湖や温泉など有名な観光資源はありません。ところが自分たちの手で作った、新しい文化が次々と生まれているのです。今回はそれらについて掘り下げていきたいと思います!
コンディションが最高なのは-15℃の夜
下川町は厳寒期-30℃近くまで気温が下がります。-10℃を下回るような日はだいたい天気が良く、風もありません。覚悟を決めて下川に遊びにくると、なんとも拍子抜けしてしまうくらい。防寒着さえきていれば、少し歩いただけでぽかぽか汗ばむくらいです。
実は下川町では1980年代、過疎率が北海道No.1となったという黒歴史があります。当時の若者たちは、「この町をなくしてはいけない!」と様々ななアイデアを持ち寄ってまちおこしを行いました。
そのうちの一つ“アイスキャンドルミュージアム”は、下川町の寒さを生かしたイベント。アイスキャンドルとは、バケツに水を入れて凍らせた氷のランプシェード。2月中旬のイベントでは(次回開催は2023.2.11-12)町中に、2,000個以上のアイスキャンドルが飾られます。
このアイスキャンドルを作るのに一番適している気温が-15℃。一晩で、誰でも簡単に美しいアイスキャンドルを作ることができます。イベントの日には各家の前にも並べられ、下川の冬の風物詩にもなっています。
〜アイスキャンドルの作り方〜
①バケツ8分目まで水を入れる
②夜のうちに圧雪された雪の上に①を置く
(雪の温度は0℃。バケツの底面は外気温の影響を受けにくくあまり凍りらないので、水を捨てやすい形状になる)
③翌朝、玄関等少し暖かい場所にバケツごと置き、周りを少し溶かす
④バケツから取りだして、底面から中の水を捨てれば出来上がり!
夜になったらひっくり返して、中心にロウソクを灯して飾ります。
映画館のない町に生まれた映画文化
昔は2つの映画館があった下川町も、人口減少に伴い1980年代には映画館がゼロになりました。

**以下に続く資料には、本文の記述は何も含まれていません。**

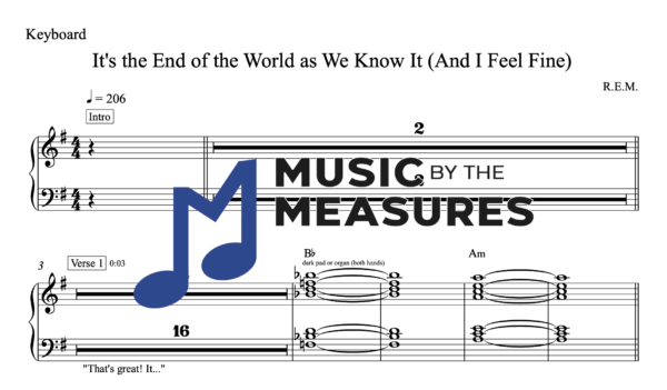 Keyboard Sheet Music for “It’s the End of the World as We Know It (And I Feel Fine)” by R.E.M.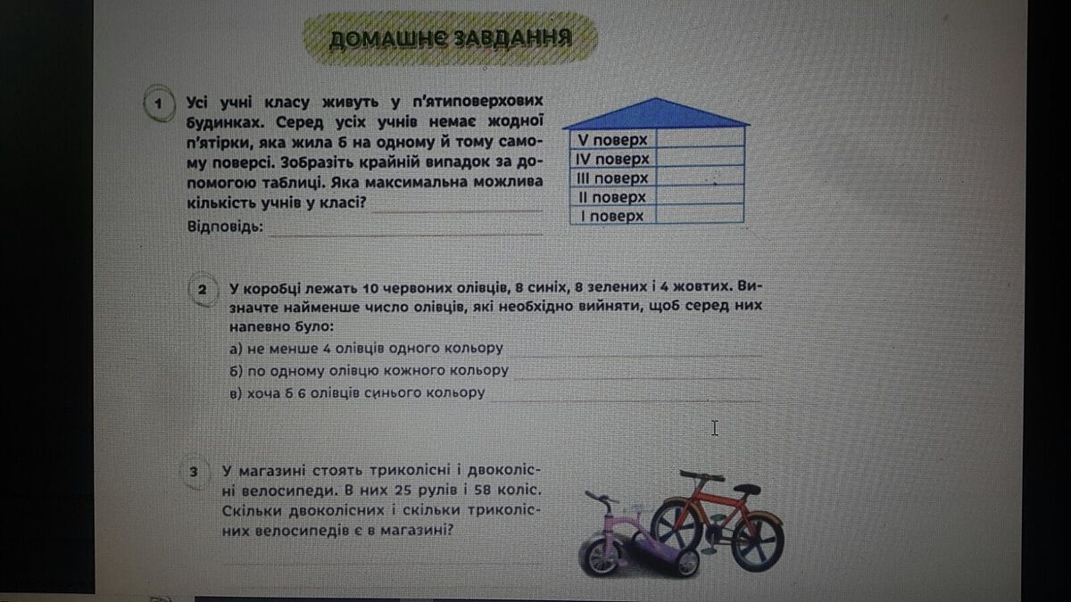 3. 25*2=50; 58-50=8; 25-8=17 двухколёсных; 17*2=34; 58-34=24; 24:2=8 трёхколёсных

現在の下川町は、映画をみるなら車で1時間半ほど離れた旭川まで出向くか、ネットの映画ストリーミングサービス等を利用して、自宅で鑑賞しかありません。
そんな下川町で近年、町民が夢中になっているのが映画上映会。企画している団体は、実に2団体もあるのです!どちらも月に1度、選りすぐりの作品を町内施設を利用して上映しています。
【ボギス、バンスとビーンズシネマ】
主催者の地域おこし協力隊・安部さんが毎月1-2作品映画を選んで、町内の昭和初期に建てられた恵林館や屋外の広場に大きなスクリーンを用意して上映をします。映画に合わせたフードやドリンク、焼きたてクッキーも用意。下川町とゆかりのあるアーティストによる音楽LIVEも併せて行うこともあり、とっても好評です。
【すまっこシネマ】
町内の在住の女性たちが集まって、自分達の暮らしを足元から見つめ直す取り組みを考えるサークル「りくらしネット」が主催する映画上映会。食や環境など、下川と親和性の高いテーマの映画をチョイスして上映を行います。映画のテーマに合わせたワークショップなども交える回もあり、とても有意義な時間を過ごすことができます。
町民交流会「タノシモカフェ」はもはや下川町の代名詞
下川町は移住者の多い町。そして、町への馴染みやすさはおそらく日本で一番。そんな下川町コミュニティへの入り口の機能を果たしているのが、町民交流会「タノシモカフェ」です。
下川町の移住推進を行うタウンプロモーション推進部が中心となって、2017年1月から月に一度開催し、もうすぐ7年が経過。参加対象者は移住者のみならず、地元民や視察者・旅行者もOKです。
毎月30名前後、多いときは50名ほどが参加。子連れでも気軽に参加できるようにキッズスペースを設けたり、交流が促されるよう席替えをしたり、と工夫を凝らしています。
参加対象を移住者に限定しないことで、移住者と地元民との交流が生まれて一緒にイベントを開催したり、町内にいながらにして町外の人とつながりがもてるため、それを楽しみに参加する地元民も多数います。
参加費無料で敷居を低くし、かつ公費を入れなくても成立するような持続可能な運営を目指して、食べ物・飲み物は各自持参する形式。会話のきっかけとなるように、持参した食べ物にはメニュー名と自分の名前を記載し、バイキング形式でシェアしています。飲み物は自分の分を持参する形だが、「みんなで飲もうよ!」とシェアしてくれる方が多く四合瓶がずらりならぶことも笑。
〜開催情報を入手するには?〜
開催は月1回、第1or2週目の金曜日or土曜日のいずれか。町の他イベントと重複しない配慮のために、上記日程内で変動させています。開催情報は以下をチェック
これらはどれも、下川町民以外の参加も可能です。
移住検討中の方はもちろんのこと、下川に興味がある方も、下川町の新たな文化に触れに足を運んでくださいね。